Dabei torpediert die Türkei diese Version immer wieder mit neuen Informationen, die aus Ermittlerkreisen in türkischen Medien veröffentlicht werden. Diese hatten schon kurz nach dem Verschwinden Khashoggis von einem Tötungsteam gesprochen, das gezielt für den Mord nach Istanbul geflogen sein soll. Auf einem Audiomitschnitt aus dem Konsulat ist laut Medien zu hören, wie Khashoggi gefoltert, getötet und sein Leichnam zerstückelt wird.

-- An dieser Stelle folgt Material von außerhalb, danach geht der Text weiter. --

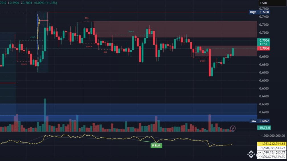 Dopo di che, una serie di CHoCH verso il basso e un chiaro BOS hanno spostato la tendenza al ribasso. Il prezzo si è riequilibrato all'interno della zona di offerta $0.715–0.730 prima di crollare nella regione $0.650–0.670. Gli acquirenti sono riapparsi a quel livello, innescando un recupero che ora sta testando la zona centrale intorno a $0.690–0.700.
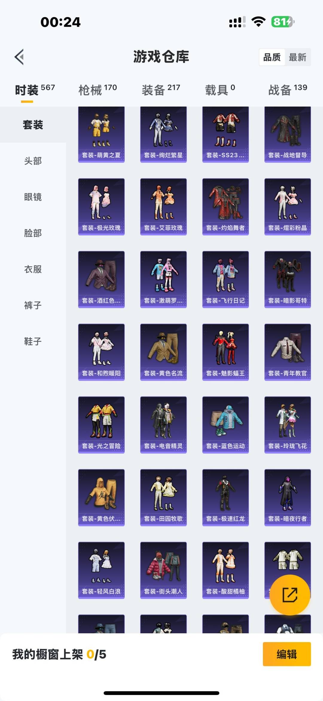 [11824070]5粉装 3特效枪 10印记 可二次 可修改实名 身法装备:暗影哥特(红眼罩) 优质装备:蝶舞迷情,AMR炫光之旅,DP-28-千金淑猫,千金淑猫,Kar98K-巳巳如意 热门装扮:旋转彩虹,暗夜鎏金,未来歌姬,暗夜行者,激萌罗小黑,暴走罗小黑,暗夜魅影 六级特效枪:六级DP-28-千金淑猫 五级特效枪:五级Kar98K-巳巳如意,五级AMR-炫光之旅 紫色装扮:田园牧歌,轻风白浪,和煦暖阳,SS22特训,SS23特训,幻彩翩翩,灵蜜圈圈,妙红点点,香榭午后,白兰地假日,娇憨猪猪,墨染幽兰,酸甜橘柚,暖心橘喵,萌趣咩咩,SS21特训,极光玫瑰,艾菲玫瑰,绚烂繁星,熠彩粉晶,SS31特训套装,SS5特训,人气偶像,冰川特警,冷焰舞者,北国孤狼,SS30特训套装,SS33特训套装,SS20特训,猎梦纪元,SS19特训,软羊咩咩,吉莉礼服,甜心亚梦,虚音幻奏,电音精灵,SS18特训,都市魅力,酒红色名流,野性战心,长空猛禽,雪山精英,霓虹街区,青年教官,蓝彩潮人,蓝色守护者,蓝色运动,街头潮人,跃动心情,飞行日记,魅力单车,鹤鸣,麻辣教官,黄色伏地魔,黄色名流,黄色运动,黎明保卫者,黑色伏地魔,龙的传人,龟仙人,极速红龙,柠萌假日,橘黑制服,沙漠兵团,海岛探路者,深蓝色名流,滨海假日,幻影武者,夏日音浪,完美偶像,帅气教官,幻世战舞者,战地督导,探宝勇士,湖蓝色名流,滨海厨神,绮丽涂鸦,疯狂小兔子,白熊同盟,白色伏地魔,破晓战魂,破蛋小黄鸡,甜蜜告白,空岛之星,空投萌叽,竞技勇士朋克,竞技达人朋克,红色运动,王牌教练,牛气冲天,灰色格斗者,灼焰舞者,炫蓝之夏,热血青春,牛气满满,猛禽,特殊使命,特训学院,狂沙舞者,猎鹰,SS29特训,SS28特训,光矢逐梦,鱼渊荷华,玉兔迎春,燕燕于飞,巳巳如意,都市丽猫,竞技名士,摩登魅猫,暗影哥特(红眼罩),银尘,惊鸿侠骨,神气柴柴,懵萌河马,SS24特训(SS24特训套装),SS25特训,绝对偶像,锦衣飞扬,粉红小猪,SS27特训,浪漫天命,小丑鱼,SS26特训,SS6特训,SS7特训,顽皮玉兔,玲珑飞花,SS8特训,大橘大利,星渊小夜曲,耀粉歌者,蓝冰羽,紫幽梦,SS32特训服(SS32特训套装),青玉碎影,绯格组合,萌黄之夏,恋语绒绒,鲛海歌灵,魅影蝠王,青丘仙客,光之冒险 优质战备:千金淑猫降落伞,幻星舰长飞行器,临安公主降落

Mehreren Mitgliedern des saudischen "Befragungs"-Teams ist die Nähe zu Kronprinz Mohammed nachgewiesen worden. So sind mindestens vier von ihnen mit dem Prinzen auf Auslandsreisen gefahren. Und auch eine entscheidende Frage ist noch offen: Wo ist die Leiche Khashoggis?

Der stellvertretende Vorsitzende von Erdogans Regierungspartei AKP, Numan Kurtulmus, bat am Sonntag erneut um Geduld. Zunächst müssten alle Indizien ausgewertet werden, dann werde man die Ergebnisse veröffentlichen, sagte er. Die Ermittler verfügten über "starke Erkenntnisse" und die Türkei werde nicht zulassen, dass etwas verschleiert werde.

Nun kommt es vor allem darauf an, ob US-Präsident Donald Trump die neue Erklärung akzeptiert oder ob er den Druck erhöht. Und auch die Türkei könnte das saudische Königshaus weiter unter Druck setzen. Das Bild des jungen dynamischen Reformers MbS jedenfalls ist mit dem Tod Khashoggis stark angekratzt.